Analysis of Python garbage collection mechanism

1. Garbage collection

Reference counter is the main, sub-code recovery and mark removal are auxiliary

1.1 The butler refchain

In the Python C source code, there is a circular doubly linked list called refchain. This linked list is quite awesome, because once an object is created in the Python program, the object will be added to the linked list of refchain. In other words, he keeps all the objects.

1.2 Reference counter

  • In all objects in refchain, there is an ob_refcnt to save the reference counter of the current object. As the name implies, it is the number of times that it has been referenced.
  • When the value is referenced multiple times, the data will not be created repeatedly in the memory, but the reference counter +1. When the object is destroyed, the reference counter will be set to -1. If the reference counter is 0, the object will be removed from the refchain linked list and destroyed in the memory at the same time (no special circumstances such as caching are considered for the time being).
age = 18
number = age  # 对象18的引用计数器 + 1
del age          # 对象18的引用计数器 - 1
def run(arg):
    print(arg)
run(number)   # 刚开始执行函数时,对象18引用计数器 + 1,当函数执行完毕之后,对象18引用计数器 - 1 。
num_list = [11,22,number] # 对象18的引用计数器 + 1
复制代码

1.3 Mark removal & generational collection

Garbage collection based on the reference counter is very convenient and simple, but it still has the problem of circular references, which makes it impossible to collect some data normally, such as:

v1 = [11,22,33]        # refchain中创建一个列表对象,由于v1=对象,所以列表引对象用计数器为1.
v2 = [44,55,66]        # refchain中再创建一个列表对象,因v2=对象,所以列表对象引用计数器为1.
v1.append(v2)        # 把v2追加到v1中,则v2对应的[44,55,66]对象的引用计数器加1,最终为2.
v2.append(v1)        # 把v1追加到v1中,则v1对应的[11,22,33]对象的引用计数器加1,最终为2.
del v1    # 引用计数器-1
del v2    # 引用计数器-1
复制代码
  • For the above code, you will find that after the del operation, no variables will use the two list objects, but due to the circular reference problem, their reference counter is not 0, so their status: never used, neither Will be destroyed. If this kind of code is too much in the project, it will cause the memory to be consumed until the memory is exhausted and the program crashes.
  • In order to solve the problem of circular references, the technology of mark removal is introduced to specifically deal with objects that may have circular references. The types of circular applications that may exist are: lists, tuples, dictionaries, collections, custom classes, etc. The type of data nesting.
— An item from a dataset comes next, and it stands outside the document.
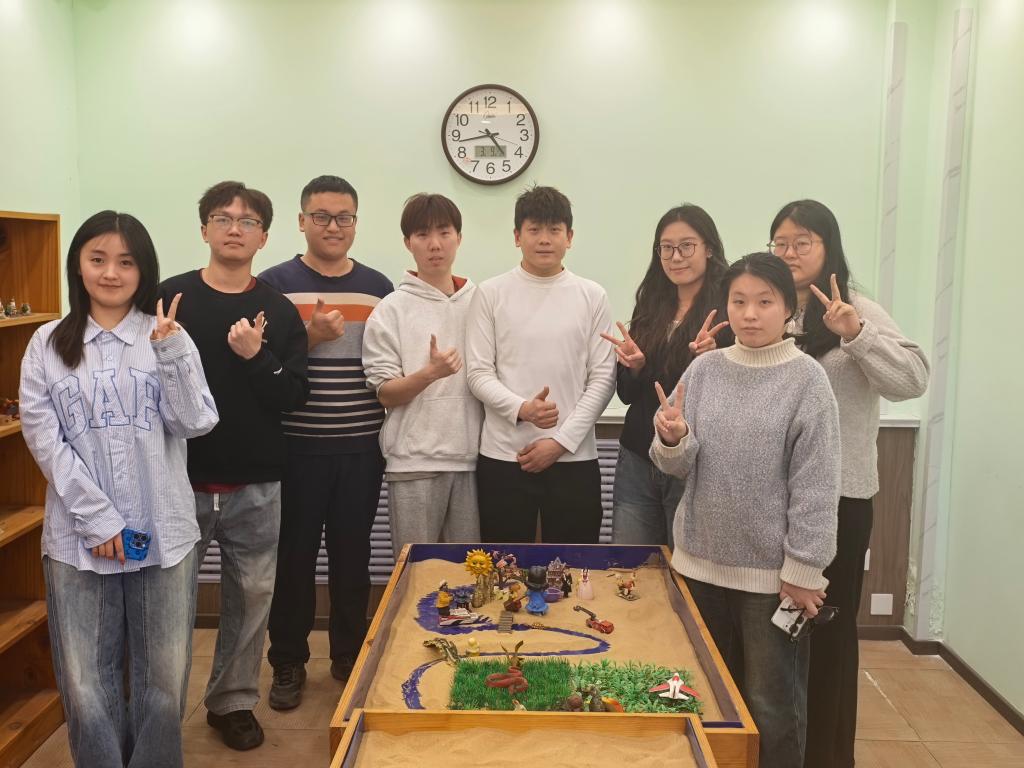 活动伊始,赵铭向同学们系统介绍了沙盘游戏的基本理念与操作流程,引导大家在一个安全、自由、受保护的空间中,借助沙具选择和沙形塑造,自然表达内心世界。在轻松愉悦的氛围里,同学们依次挑选心仪的沙具,共同搭建起富有象征意义的沙盘场景。从创意构想到故事分享,每个环节都让大家在沉浸式体验中加深了对自我和他人的认知,也学会了倾听与共情。

Mark removal : create a special linked list to save objects such as lists, tuples, dictionaries, collections, custom classes, etc., and then check whether there are circular references in the objects in this linked list, and if so, let the reference counters of both parties be -1 .
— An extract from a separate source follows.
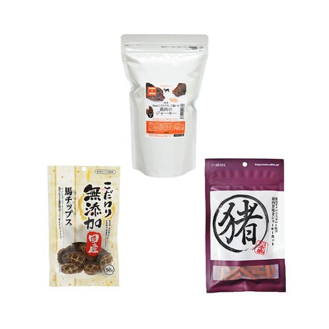 | カロリー | ・鹿肉のジャーキー:- ・馬チップス:359kcal/100g ・猪肉 ジャーキーカット:265kcal/100g |

Generational Reclamation : Optimize the linked list in mark removal, split those objects that may have reference to 3 linked lists, the linked list is called: 0/1/2 three generations, each generation can store objects and thresholds, when it reaches When the threshold is set, each object in the corresponding linked list will be scanned once, except for the circular references each decremented by 1 and the objects whose reference counter is 0 are destroyed.

// 分代的C源码
#define NUM_GENERATIONS 3
struct gc_generation generations[NUM_GENERATIONS] = {
    /* PyGC_Head,                                    threshold,    count */
    {
   
   {(uintptr_t)_GEN_HEAD(0), (uintptr_t)_GEN_HEAD(0)},   700,        0}, // 0代
    {
   
   {(uintptr_t)_GEN_HEAD(1), (uintptr_t)_GEN_HEAD(1)},   10,         0}, // 1代
    {
   
   {(uintptr_t)_GEN_HEAD(2), (uintptr_t)_GEN_HEAD(2)},   10,         0}, // 2代
};
复制代码

Special attention: the meanings of threshold and count of generation 0 and generation 1 and 2 are different.
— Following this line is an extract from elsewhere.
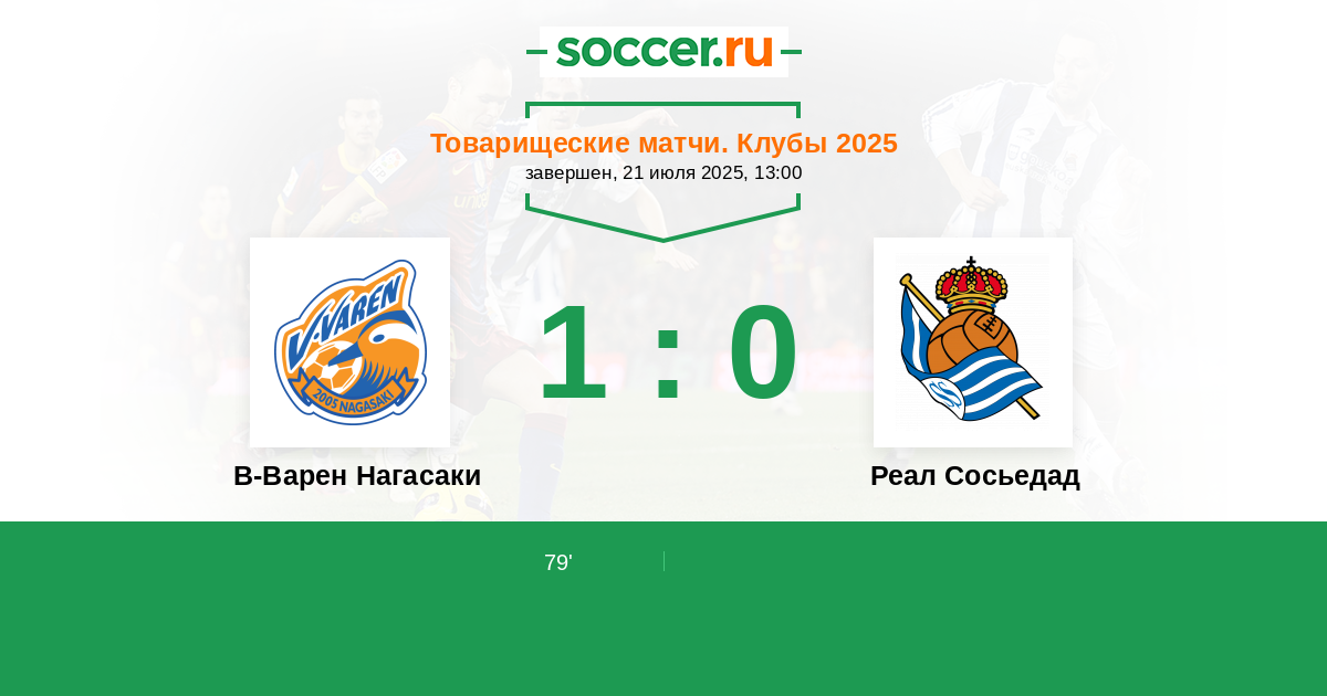 Протокол матча В-Варен Нагасаки против Реал Сосьедад

In generation 0, count represents the number of objects in the generation 0 linked list, and threshold represents the threshold of the number of objects in the generation 0 linked list. If it is exceeded, a generation 0 scan check will be performed. In generation 1, count represents the number of scans of the 0-generation linked list, and threshold represents the threshold of the number of scans of the 0-generation linked list. If it is exceeded, a generation 1 scan is performed. In the second generation, count represents the number of scans of the first-generation linked list, and threshold represents the threshold of the number of scans of the first-generation linked list. If it is exceeded, a second-generation scan check will be performed.

1.4 Scenario simulation

Explain the detailed process of memory management and garbage collection based on the bottom of the C language and combined with the diagram.

The first step: when the object age=19 is created, the object will be added to the refchain list.

Step 2: When the object num_list = [11,22] is created, the list object will be added to refchain and generations 0.

Step 3: When the newly created object makes the number of objects on the generation 0 linked list greater than the threshold 700, the objects on the linked list should be scanned and checked.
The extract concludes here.